5th UF Water Institute Symposium Abstract

   
Submitter's Name Natalie Nelson
Session Name Poster Session - Springs & Rivers
Poster Number 43
 
Author(s) Natalie Nelson,  Agricultural and Biological Engineering, University of Florida (Presenting Author)
  Rafael Muñoz-Carpena,  Agricultural and Biological Engineering, University of Florida
  Edward Phlips, Fisheries and Aquatic Sciences, University of Florida
   
  Why does tidal creek dissolved oxygen peak at night? Abiotic vs. biotic forcing of oxygen dynamics
   
  Cyanobacteria, prokaryotic photoautrophs referred to as “blue-green algae,” form harmful algal blooms in freshwater and estuarine systems that are capable of producing toxins, shading out submerged aquatic vegetation, prompting hypoxic/anoxic conditions, and restricting recreational activity. Several cyanobacteria genera are also capable of tapping into nutrient pools that are typically inaccessible to eukaryotic phytoplankton, such as through N2-fixation. N2-fixation results in the introduction of “new” nitrogen to the system. Such cyanobacteria-nutrient feedbacks complicate the development of water quality targets for systems affected by blooms, but are necessary to understand for the purpose of creating effective management plans. Thus, we seek to explore cyanobacteria-nitrogen feedbacks and identify environmental controls on N2-fixation.

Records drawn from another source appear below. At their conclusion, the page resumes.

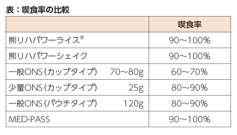せっかく栄養処方をしても、患者さんが実際に食べていただ けなければ意味がありません。当院スタッフへのアンケート調 査によると、食事強化メニューである「熊リハパワーライス®」 や「熊リハパワーシェイク」などの喫食率は90~100%と非常 に高い一方で、ONSの喫食率は60~90%とやや低めでした。 喫食率が向上すると、栄養士の皆さんが提供している栄養価と の乖離を減らすだけでなく、患者さんに「食べきれた」という自 信が生まれることにもつながります。もしONSを使用する際に は、患者さんの喫食率を考慮し、食べきりやすい少量タイプの ONSを選択する方法もよいでしょう。
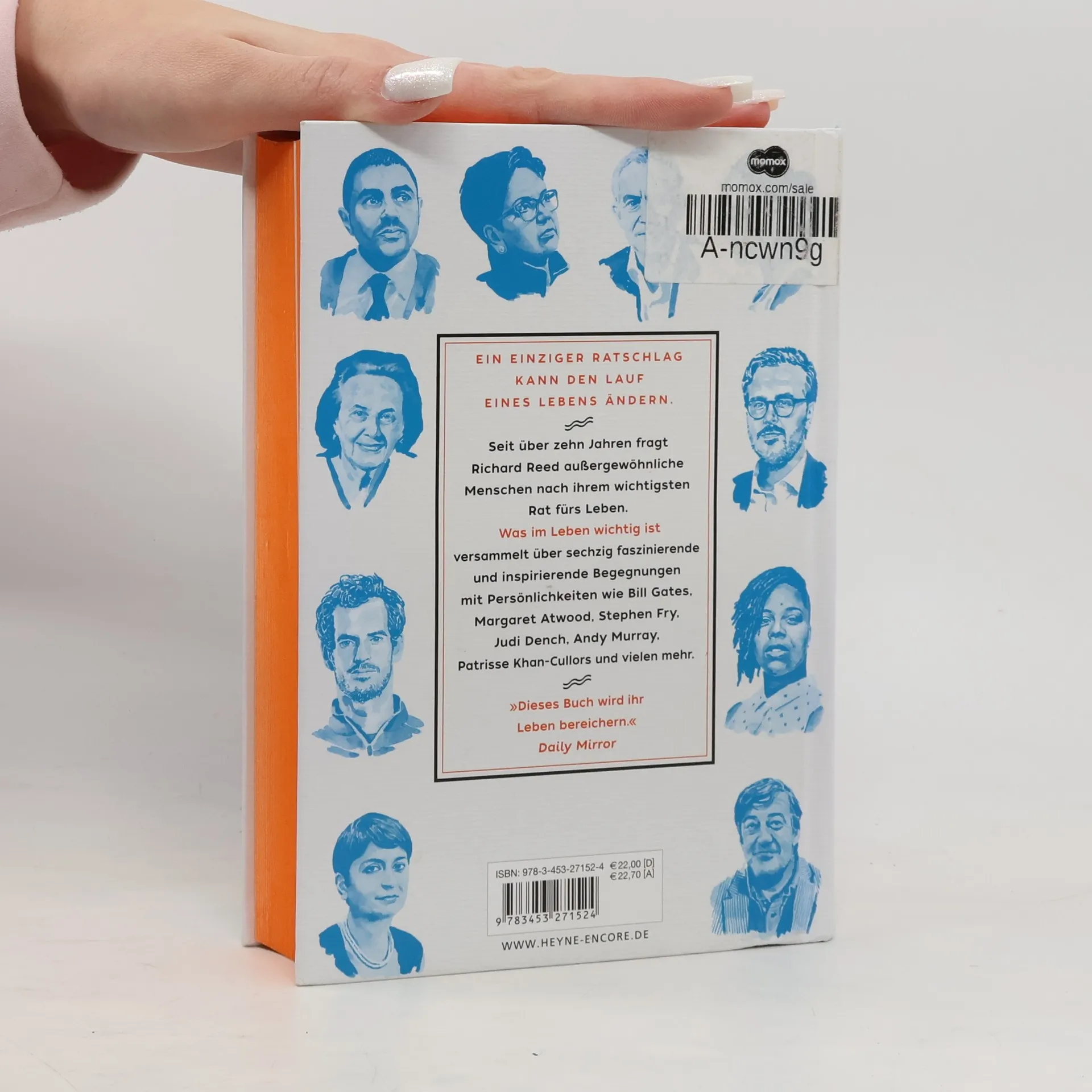 Bill Gates, Judi Dench, Stephen Fry, Margaret Atwood, David Attenborough, Annie Lennox, Jude Law, Marina Abramović, Andy Murray, Patrisse Khan-Cullors – das sind nur einige von über sechzig faszinierenden Persönlichkeiten, die Richard Reed für sein Buch getroffen hat. Reed hat sie gebeten, ihren wertvollsten Ratschlag fürs Leben mit seinen Lesern zu teilen. Jede der beschriebenen Begegnungen wird ergänzt um ein eigens angefertigtes Porträt des britischen Künstlers Samuel Kerr. Was im Leben wichtig ist ist ein kluges, hochunterhaltsames Buch für alle Lebenslagen, das sich zudem sehr gut verschenken lässt. Ausstattung: mit zahlreichen s/w-Ilustrationen
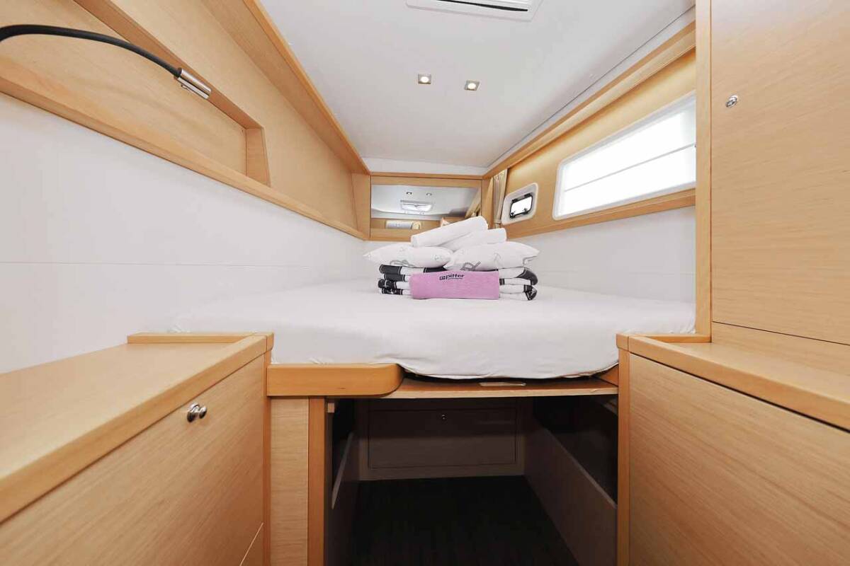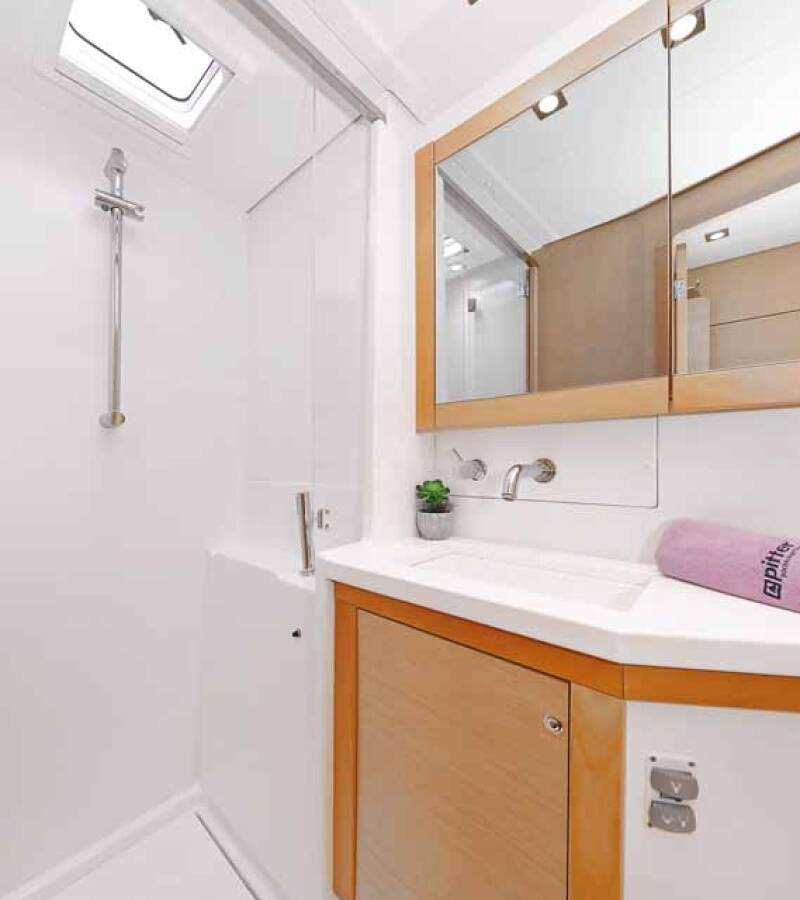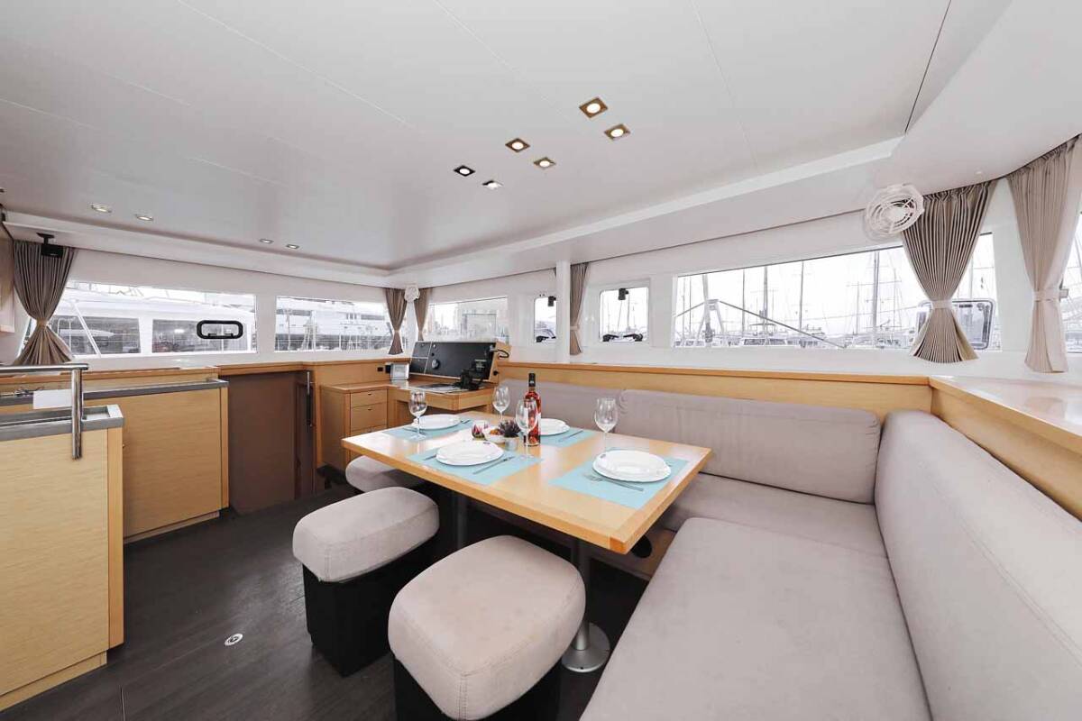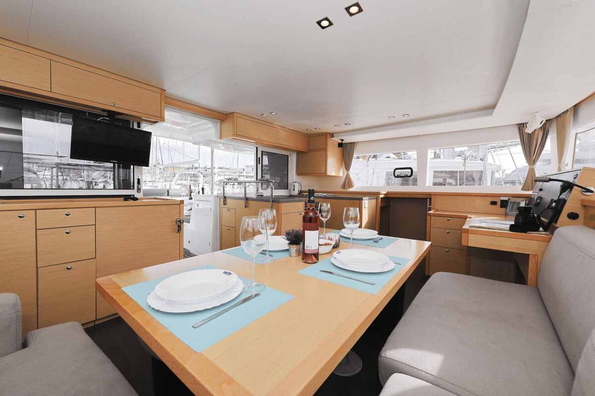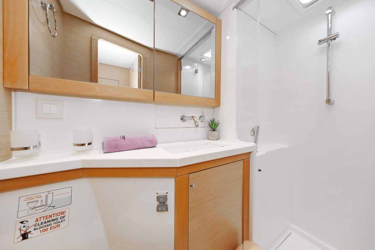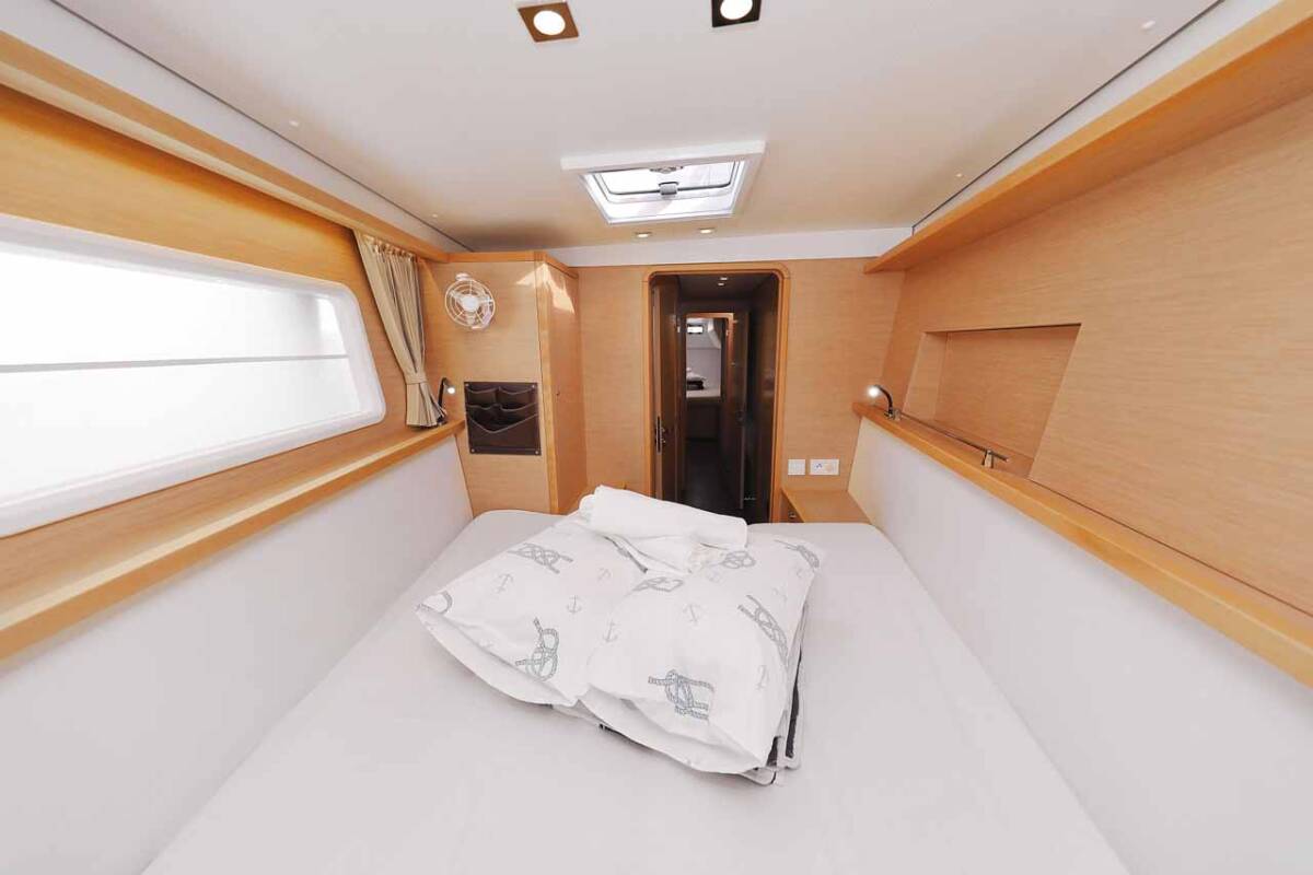 Lagoon 450 F „Stella“ nabízí zvláštní komfort díky následujícím prvkům vybavení: Polštáře do kokpitu, Invertor, Elektrické WC, Solární panely.
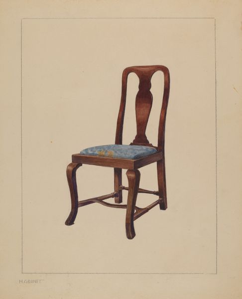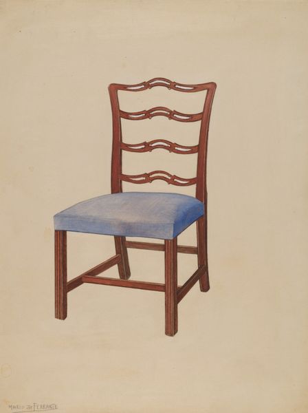 Curator: Before us, we have a watercolor drawing titled "Armchair" created by Virginia Kennady in 1939. Editor: It's striking in its simplicity; the muted colors and direct representation of a familiar object create a calm, almost nostalgic feel. Curator: This piece speaks to the WPA Federal Art Project, an initiative that employed artists during the Great Depression. We see an embrace of realism focused on everyday subjects. The materials, humble watercolors, remind us of resourcefulness in a difficult time, offering a direct connection to a specific historical and social context. Editor: And the composition is masterful; the chair occupies the space perfectly, allowing our eye to appreciate the intricate details of its form and material, like the elegantly curved back and the subtle variations in wood tone. There's a pleasing geometric harmony between the angular legs and the curvilinear backrest. Curator: Absolutely. Examining its construction reveals values associated with labor and utility. What kind of craftsman assembled this? From what specific location were these wooden materials procured? Those details become fascinating entry points. Editor: The limited palette—earthy browns and greys—is very effective. It's not just about the wood; it's about creating an emotional presence for a mass-produced artifact, in a subtle, unpretentious way. We tend to underestimate such seemingly simple images but this work truly exudes compositional clarity, doesn't it? Curator: This seemingly simple image of a utilitarian object asks deeper questions regarding production, labor, and consumption under extraordinary economic conditions. The artist’s labor intersects directly with larger questions of artistic production in a period of immense social upheaval. Editor: It’s incredible how something so commonplace, carefully observed and represented, transcends mere objecthood through its very form. Its clarity helps to slow us down. Curator: Right. The materials tell such a strong story here. Editor: And its elegant contours keep that story compelling.
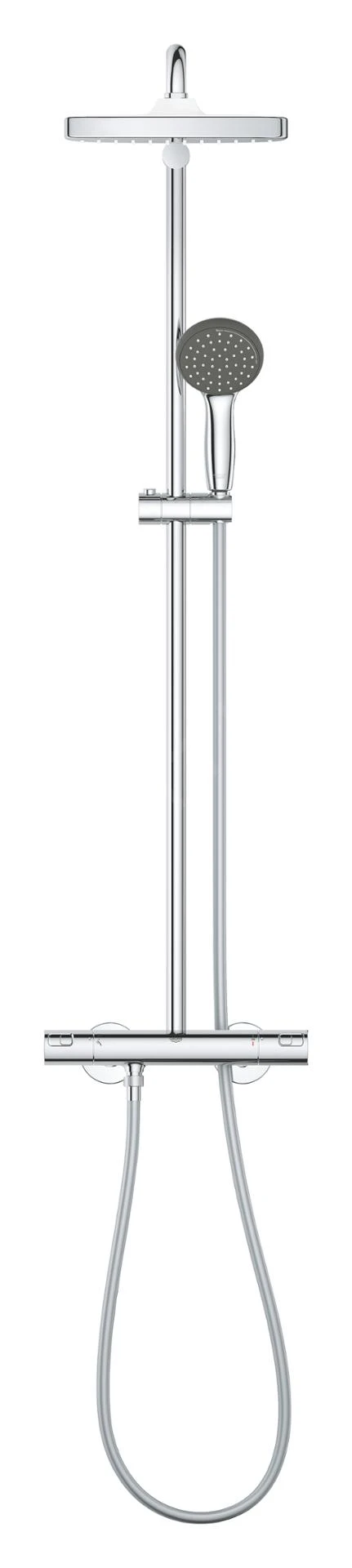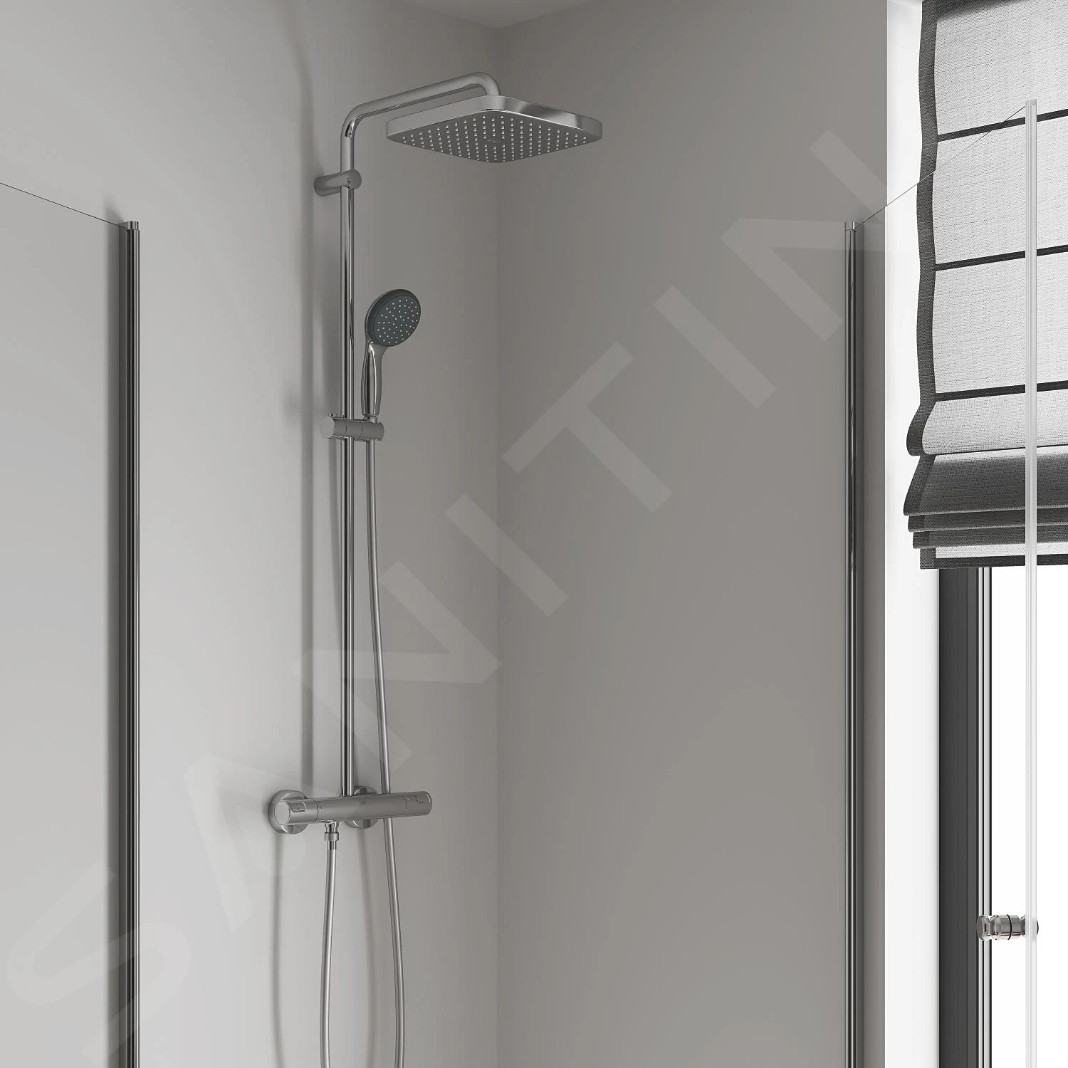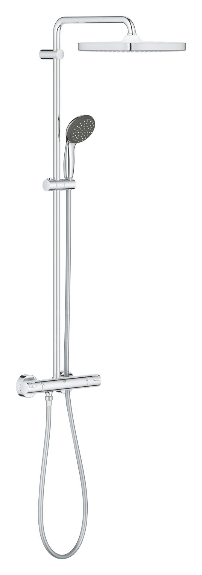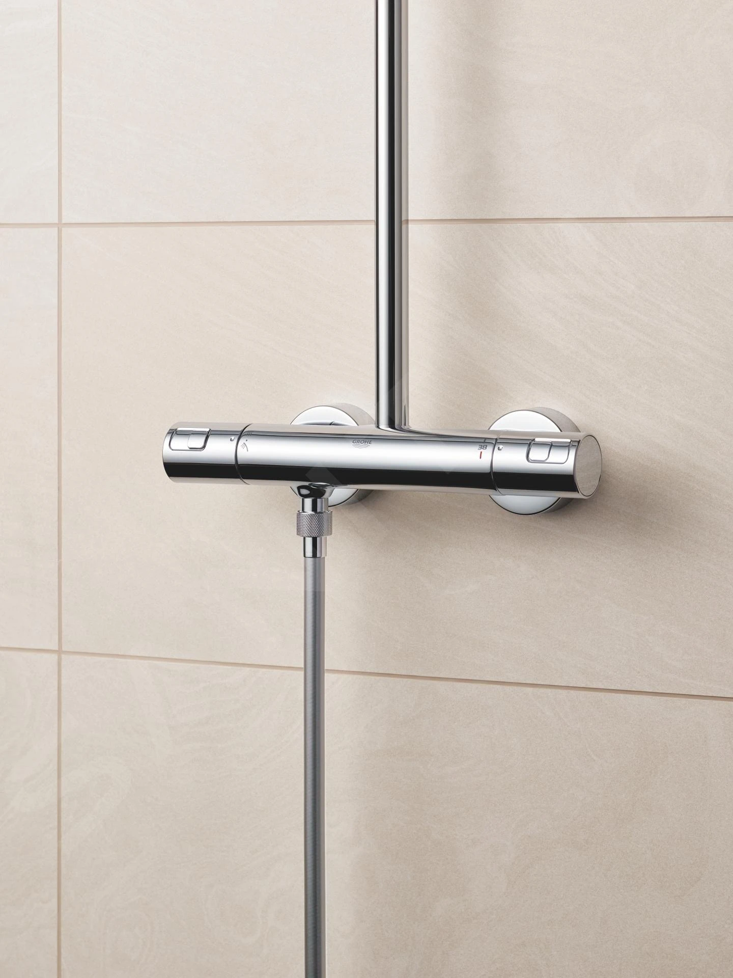 L’esclusivo set doccia GROHE Vitalio Start colpisce non solo per il suo aspetto, ma anche per le sue prestazioni e affidabilità. L’intramontabile combinazione di termostato a parete, doccetta e soffione offre una perfetta pulizia e cura. Il set doccia si basa su linee arrotondate collaudate, che sono accentuate da superfici cromate moderne e brillanti. Il soffione gioca con un design quadrato con bordi arrotondati. Le superfici sono protette contro i danni meccanici grazie alla tecnologia GROHE StarLight, che impedisce anche il deposito di gocce d’acqua e la formazione di calcare, rendendo la manutenzione molto più facile.
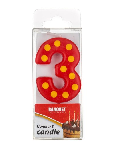 Svíčka narozeninová - číslo 3, velikost svíčky 5 x 3 cm, součástí svíčky je plastový bodec. Výrobek využijete na oslavě, zahradní párty, pikniku apod.

Important management questions we aim to address include: how can TMDLs be adjusted to prevent cyanobacteria blooms and N2-fixation? Which environmental variables correspond to high bloom and N2-fixation conditions? To tackle these questions, we evaluate a unique long-term (17.5 years) dataset composed of time series (monthly step) of the abundances of several phytoplankton and zooplankton phyla, water quality constituents, and hydrologic variables from Lake George, a flow-through lake located along the St. Johns River, Florida, USA. Using Granger causality analysis, a time series analysis approach, cyanobacteria and nutrient data were evaluated under both additive and interactive/non-additive assumptions to identify biological and physical drivers of cyanobacteria-nitrogen feedbacks. Causal effects and interactions, and associated magnitudes of influence, were compiled using network diagrams to map influential environmental factors across cyanobacteria taxa. These maps depict webs of interacting species and physicochemical drivers, which are then presented in the context of questions related to water management.